The Power of Forgiveness: How Letting Go Can Transform Your Life

There are three “R”s that negatively influence our state of being in the world: resentment, rejection, and regret. These are things that happened in the past, and while we can’t go back and change them, the memory of these experiences can still poison us in many ways. The question is: how do we get rid of this poison? The answer is forgiveness.

Science defines forgiveness as a decision to let go of the desire for revenge and ill will towards the person who wronged you. It may also include feelings of goodwill towards that person. However, forgiveness is not just about making yourself feel better or forgetting a hurt.

Scientists studying forgiveness have found that it has interesting effects on the body. One study showed that people could improve their vertical jump after doing forgiveness exercises. When I shared this with an NBA basketball player, he immediately signed up for a forgiveness meditation class. Another study found that people had higher levels of endurance when asked to march up and down a hill after practicing forgiveness exercises.
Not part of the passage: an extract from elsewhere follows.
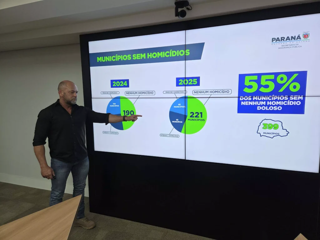 55% DAS CIDADES SEM HOMICÍDIOS – A melhora nos índices de violência letal também se reflete no aumento do número de municípios paranaenses sem homicídios dolosos. No primeiro semestre de 2024, eram 192 cidades sem registro desse tipo de crime. Em 2025, o número subiu para 221, o que representa 55% dos municípios do Paraná. Em outras 93 cidades (23%) só houve um caso registrado.

While we don’t fully understand why this happens, forgiveness appears to have beneficial effects not only on our state of mind but also on our physical bodies. Other studies show that forgiveness decreases levels of anger and hostility, increases feelings of love, enhances your ability to trust others, and frees you from negative memories of the past.

When you practice forgiveness, you make yourself responsible for something negative that happened in the past, rather than someone else. A survey showed that people in psychotherapy sessions who practiced forgiveness had much better results than those who did not. Another study found that forgiveness improves heart health, blood pressure, heart rate, and even the workload of the heart.

Forgiveness doesn’t just metaphorically improve your heart—it physically changes the health of your heart.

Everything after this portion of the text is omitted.